On the other hand, Lord Debling? I know he was merely the show’s romantic red herring, but in my heart of hearts I was hoping that he and Penelope would end up together. Lord Debling is smart. Well-read. Handsome. A good dancer, who’s clearly happier staying home with a book (he’s so me for real). He has his own interests, and plenty of money. Best of all, he was willing to give Penelope her space and her freedom, letting her manage his estate while he wandered the world doing some…nature…thing. He was the total package!
But Pen and Colin were written in the stars – or at least in Julia Quinn’s source material. The problem was, I felt like, in order for the match to work, the show had to knock Penelope down a bit, making her ditzy and clueless in a way I found hard to buy. Lots of smart people are anxious, stammering wrecks in social settings, but I thought there was too much gasping (some of it was possibly corset-related), too much hand-wringing and bosom-heaving (related note: how glad are we that we’re not living in an era where the beauty standards require women to walk around with their bosoms hoisted up to their chins?). In short, there was far too much of Pen as damsel in distress who needs to be rescued, when she’s already saved herself, and is on her way to saving her family, with the money she earned in secret.
I was happy that the show gave Penelope a moment, in the final episode, to address the Queen, take ownership of her work as Whistledown, explain her less-kind moments and the power that writing gives a young woman who feels herself envious, overlooked, imperfect, not what the world wants her to be. That hit home. And Colin’s speech, about being proud to stand beside her, was also lovely.
But the idea that Penelope and Colin are well-matched, and are going to be happy together? I’m not buying it.
Meanwhile, was I the only person who watched the Featherington’s ball and thought about Dominick Dunne’s PEOPLE LIKE US? That novel also features a huge, important party where butterflies were released at a climactic moment. Unfortunately, Dunne’s “bugs,” like Icarus, fly too close to the sun. They were fried by the theatrical spotlights, and plummeted onto the party guests as butterfly corpses, prompting mucho disgust and a stampede for the door. It’s a hilarious, memorable scene, and I wonder if anyone in the “Bridgerton” writers’ room ever read it.
Did you?
Penelope not only chose love, she chose a guy who has always treated her as a friend and equal. He adores her, he respects her work, and he basically says he is going to live his life in support of her. Love is about what one gives, not what one gets, and Colin truly 'gets' that.

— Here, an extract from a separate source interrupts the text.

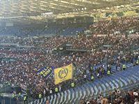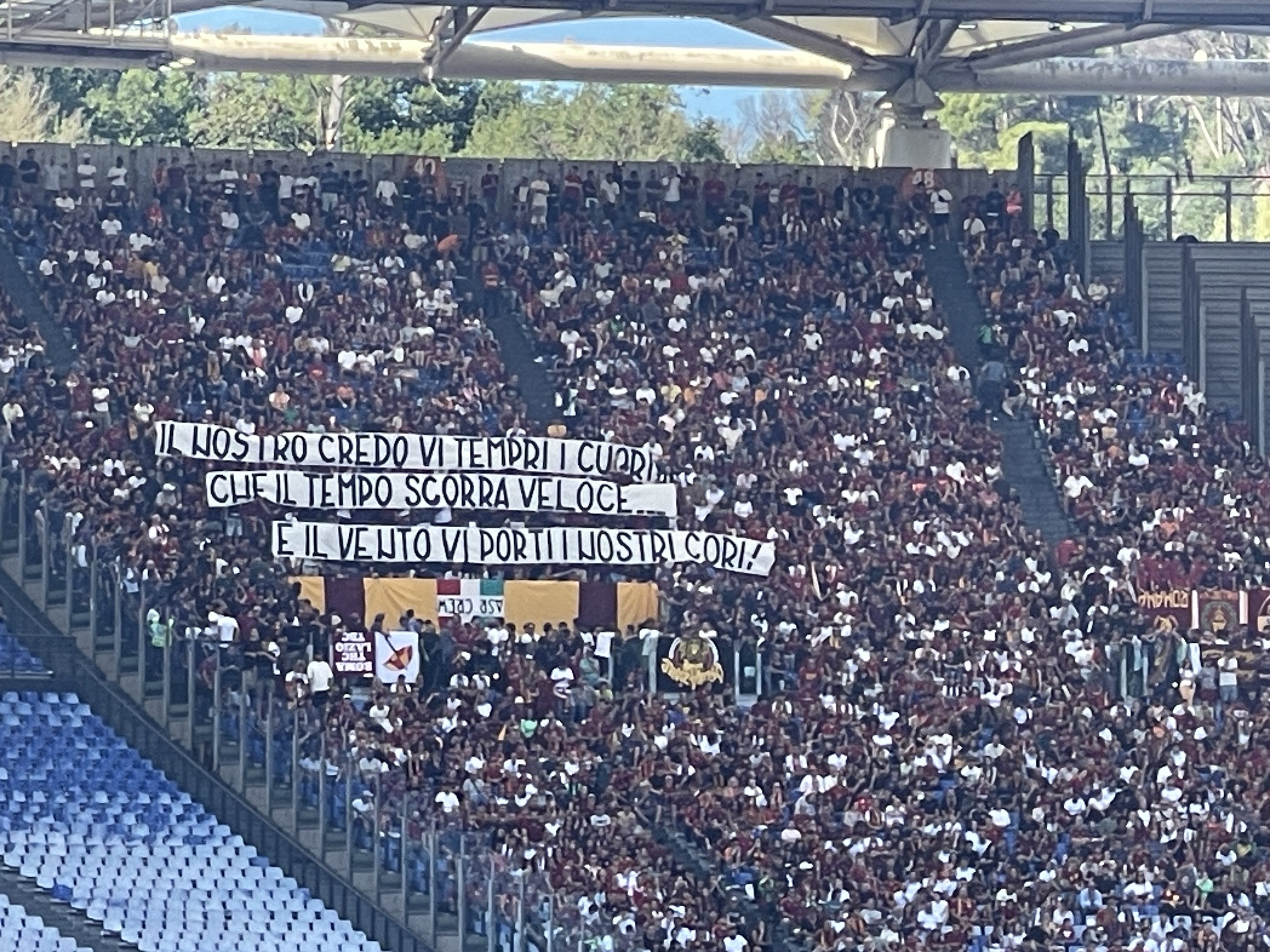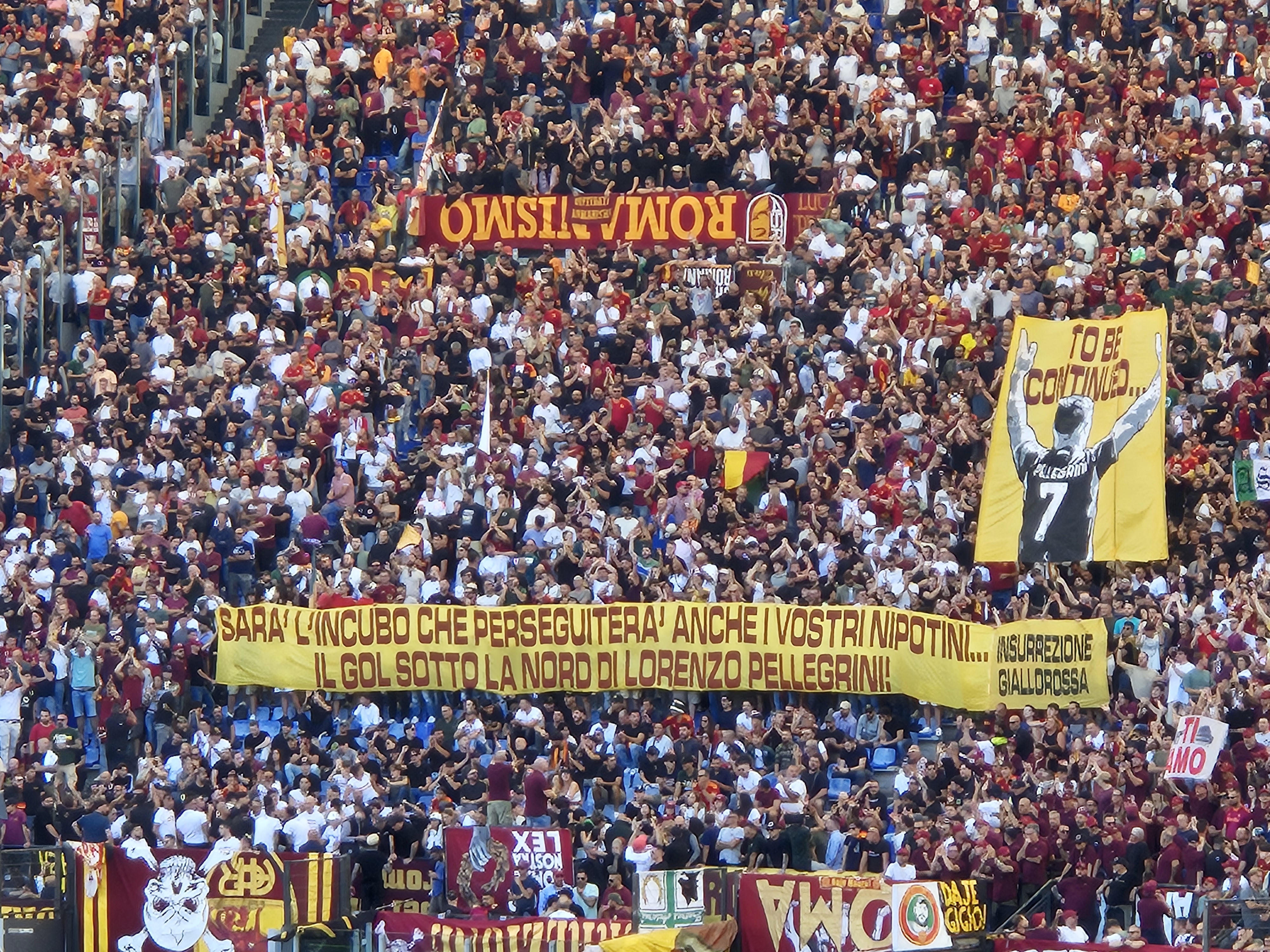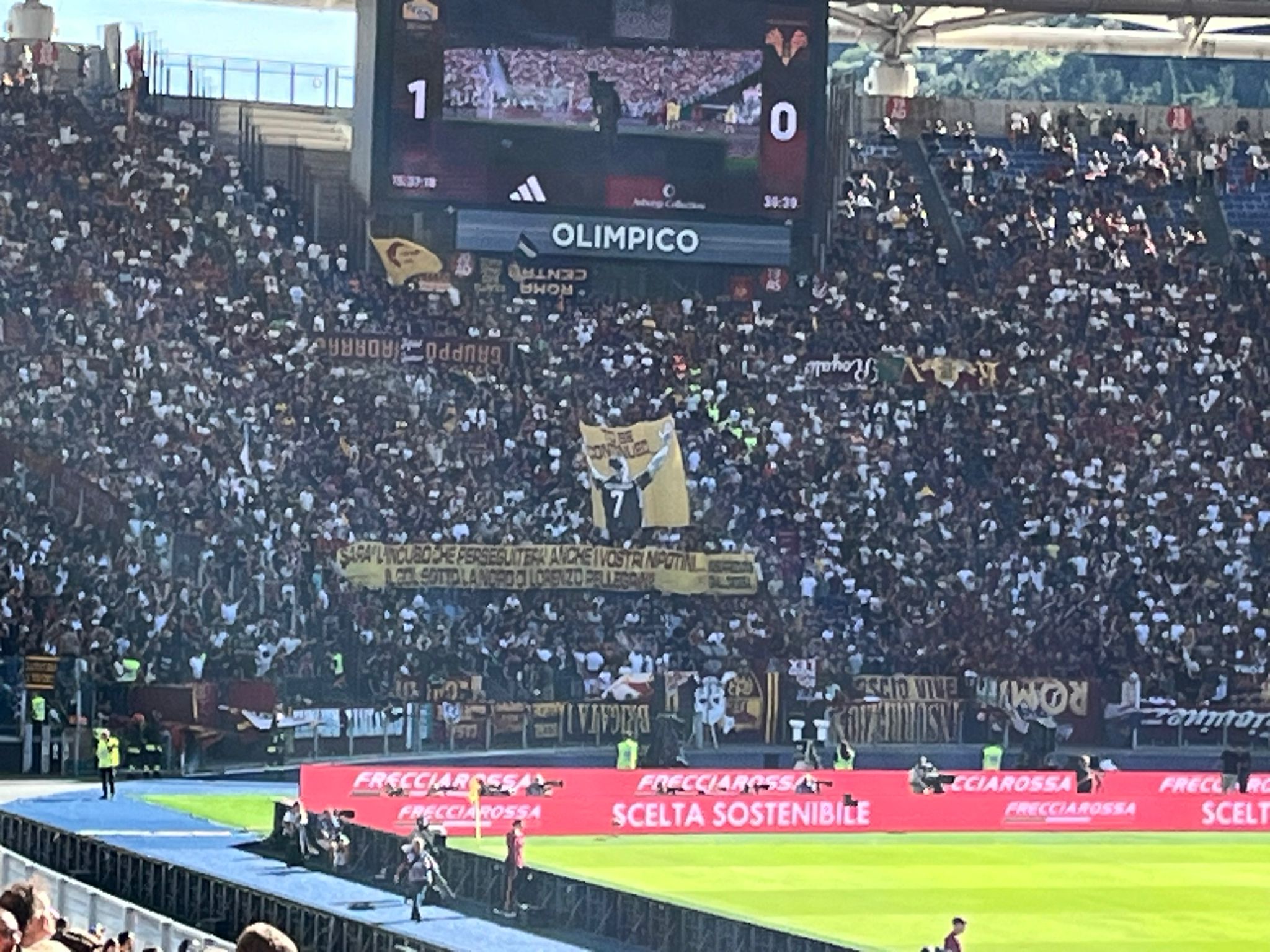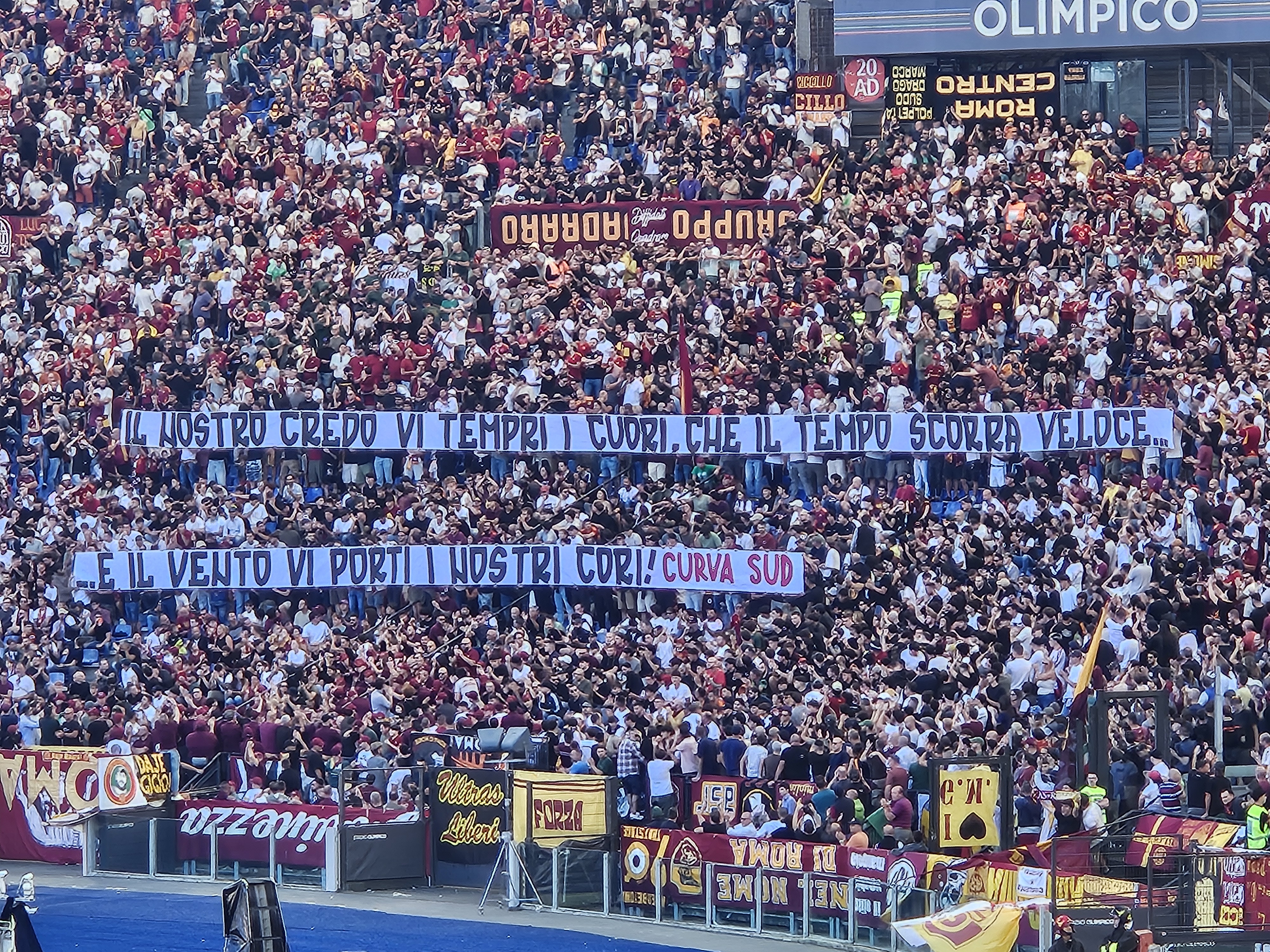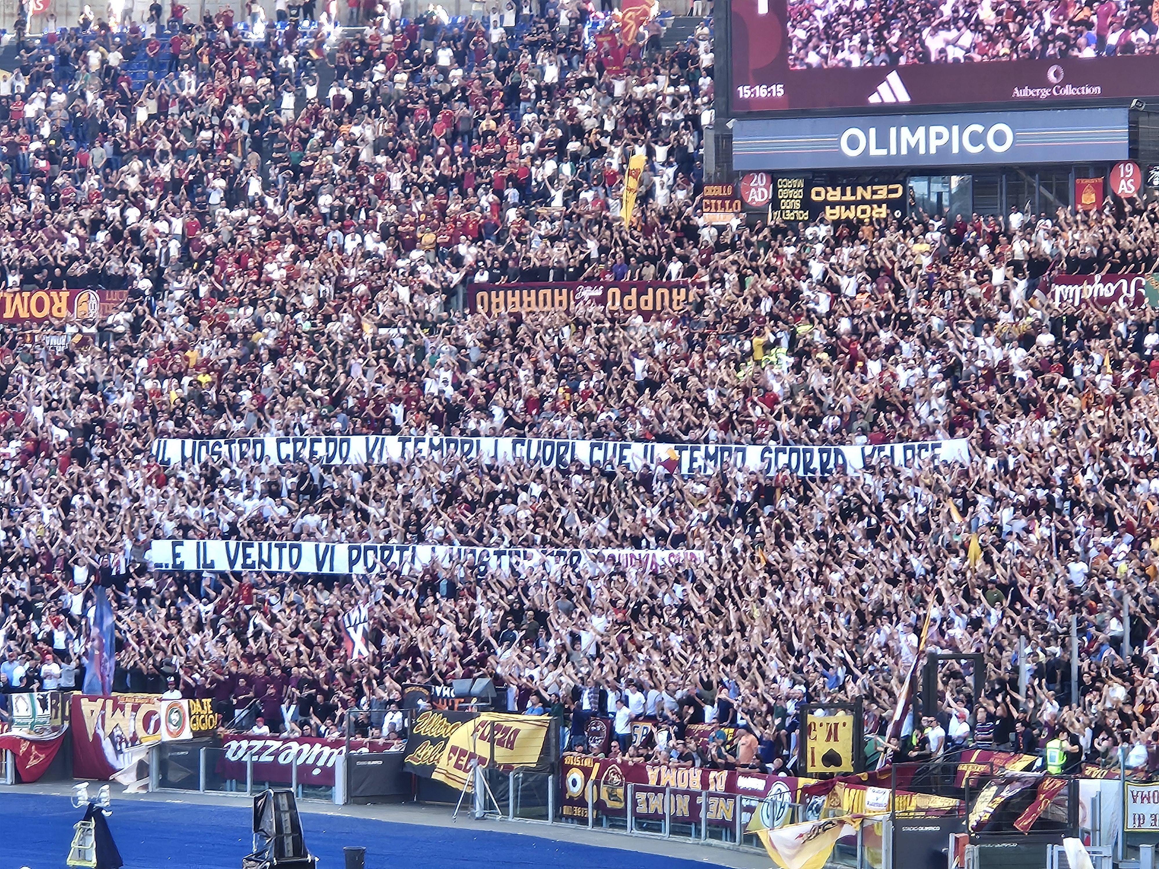 Tutta la parte più calda del tifo della Roma mostra solidarietà ai tredici tifosi arrestati a Nizza, e quindi in tutto lo Stadio Olimpico, dalla Curva Nord, alla Tribuna Tevere, alla Curva Sud gli striscioni sono girati al contrario e i primi 15 minuti si giocano nel silenzio. Poi vengono aperti nei tre settori citati degli striscioni di identico tenore e si inizia a tifare per la Roma. Così sarà per tutti i 90 minuti. Tifo in generale buono, lieve calo nel secondo tempo, finale in ripresa con dei cori azzeccati. Il tutto intervallato da "Liberate i nostri fratelli" e "Fuori gli ultras dalle galere", scandito all'unisono da tutti. |

Lord Debling admits that he does not love Penelope, but is simply looking for a woman to run his household faithfully during his extended absences -- what a lonely life for Penelope. She is a passionate woman and I want a passionate love for her with passionate sex, not whatever perfunctory duties Lord Debling might perform. I'm also surprised to hear the suggestion that Penelope ought to marry for money, both because she's clearly capable of making her own and because its regressive to reduce a male partner to his economic contribution.
Penelope didn't settle. She chose love and intellectual partnership. She chose a man for his values and his kindness. I think she chose well.
A better idea- have Cressida link up with Debling. He would be a great fit for her and they both have family issues. He would soften her.